A corporation may dissolve and wind up its affairs in the following manner:
(1) Where there are members having voting rights with regard to the question, the board of directors shall adopt a resolution recommending that the corporation be dissolved, and directing that the question of such dissolution be submitted to a vote at a meeting of members having such voting rights, which may be either an annual or a special meeting. Notice in the form of a record stating that the purpose, or one of the purposes, of such meeting is to consider the advisability of dissolving the corporation, shall be given to each member entitled to vote at such meeting, within the time and in the manner provided in this chapter for the giving of notice of meetings of members. A resolution to dissolve the corporation shall be adopted upon receiving at least two-thirds of the votes which members present at such meeting or represented by proxy are entitled to cast.
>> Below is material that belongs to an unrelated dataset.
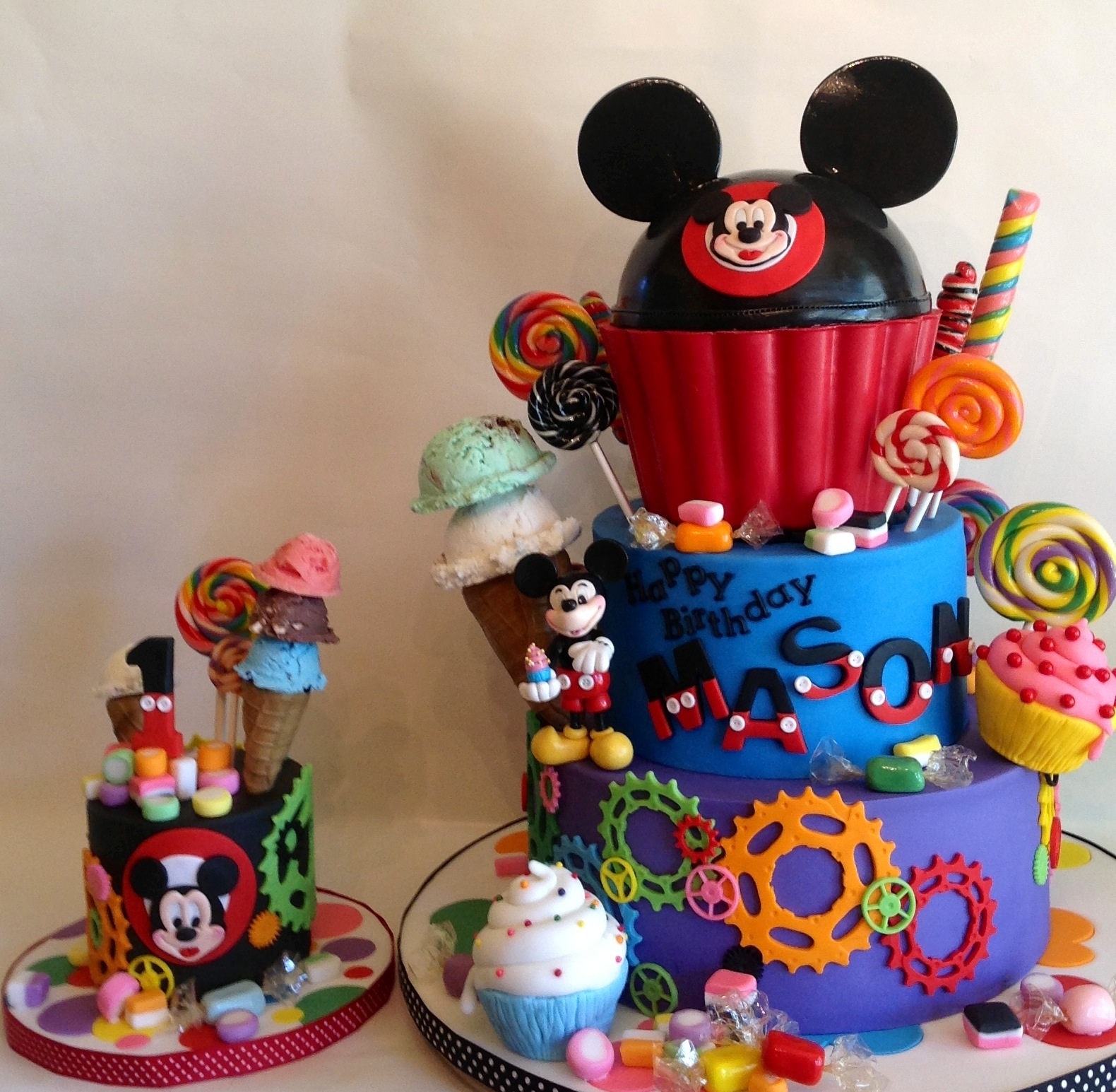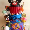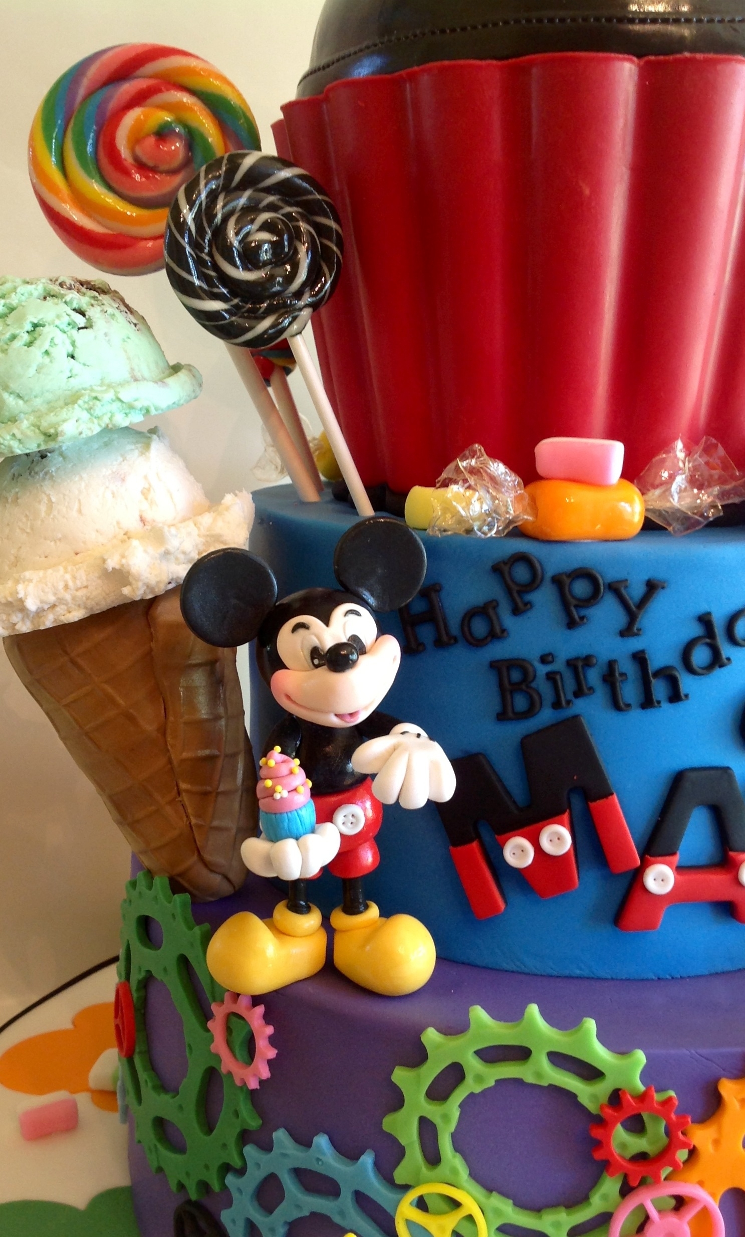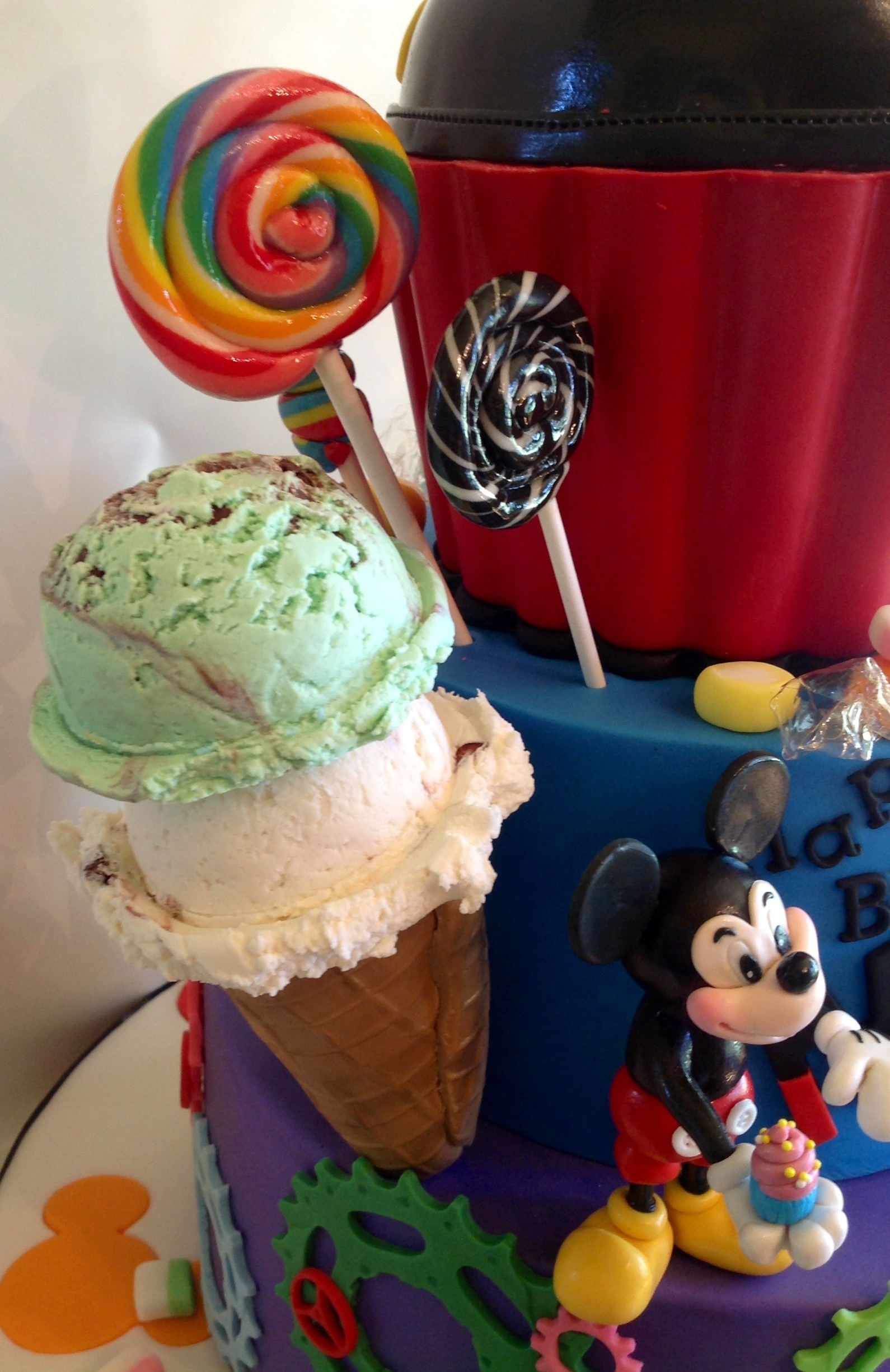 All decorations edible art including ice cream, cupcakes, candy, candy wrappers, hat, and Mickey. Fun cake to make for a special little boy's first birthday.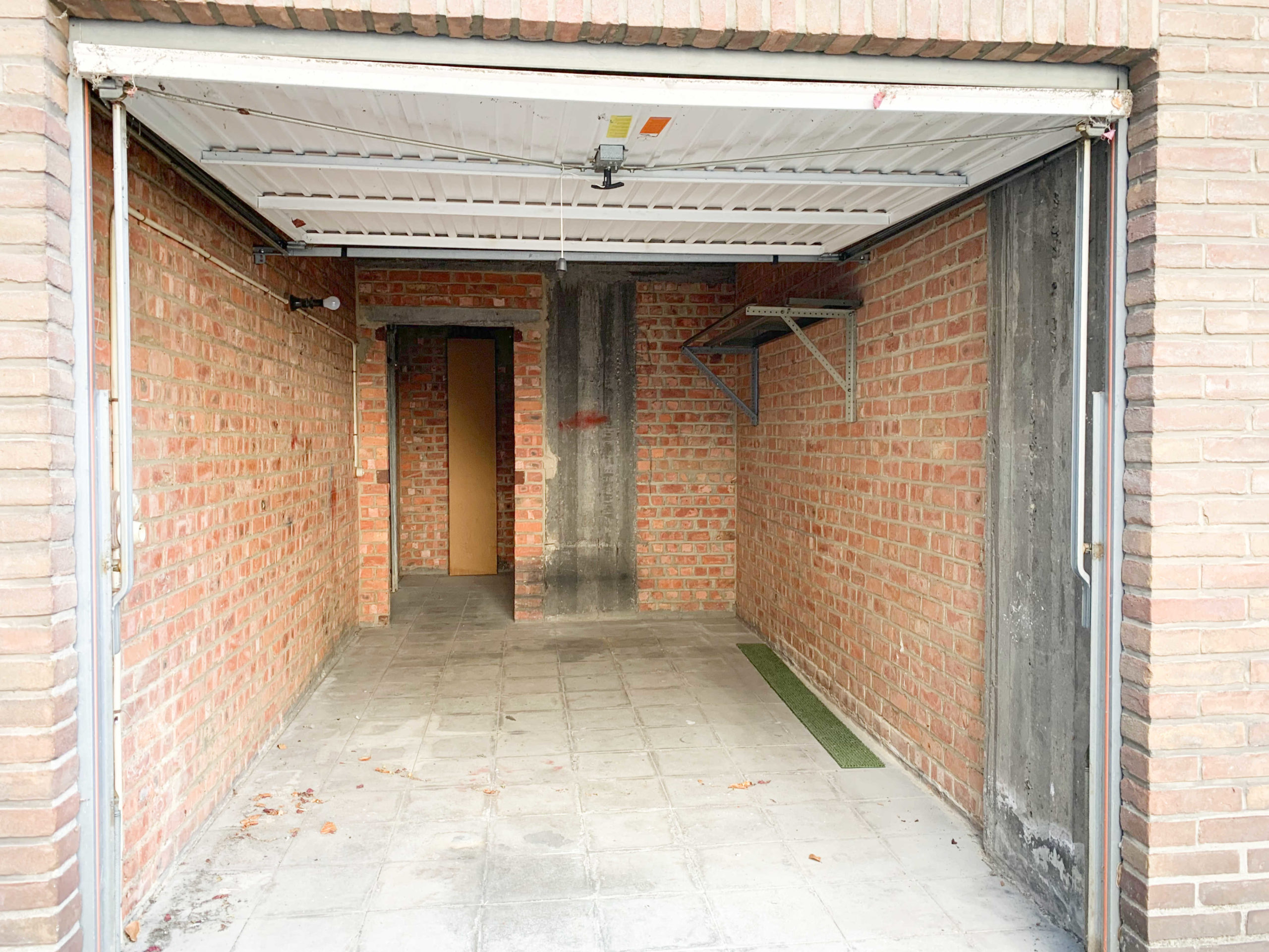 Le garage n°8 comprend : une porte manuel à ouverture à clé, un espace voiture et un espace pour du rangement (vélo,…) au fond du garage. L’accès à rue se fait par une porte sectionnelle électrique avec télécommande.

(2) Where there are no members, or no members having voting rights with regard to the question, the dissolution of the corporation shall be authorized at a meeting of the board of directors upon the adoption of a resolution to dissolve by the vote of a majority of the directors in office.
Upon the adoption of such resolution by the members, or by the board of directors where there are no members or no members having voting rights, the corporation shall cease to conduct its affairs except in so far as may be necessary for the winding up thereof, shall immediately cause a notice of the proposed dissolution to be mailed to each known creditor of the corporation, to the attorney general with respect to assets subject to RCW 24.03.225
(3), and to the department of revenue, and shall proceed to collect its assets and apply and distribute them as provided in this chapter.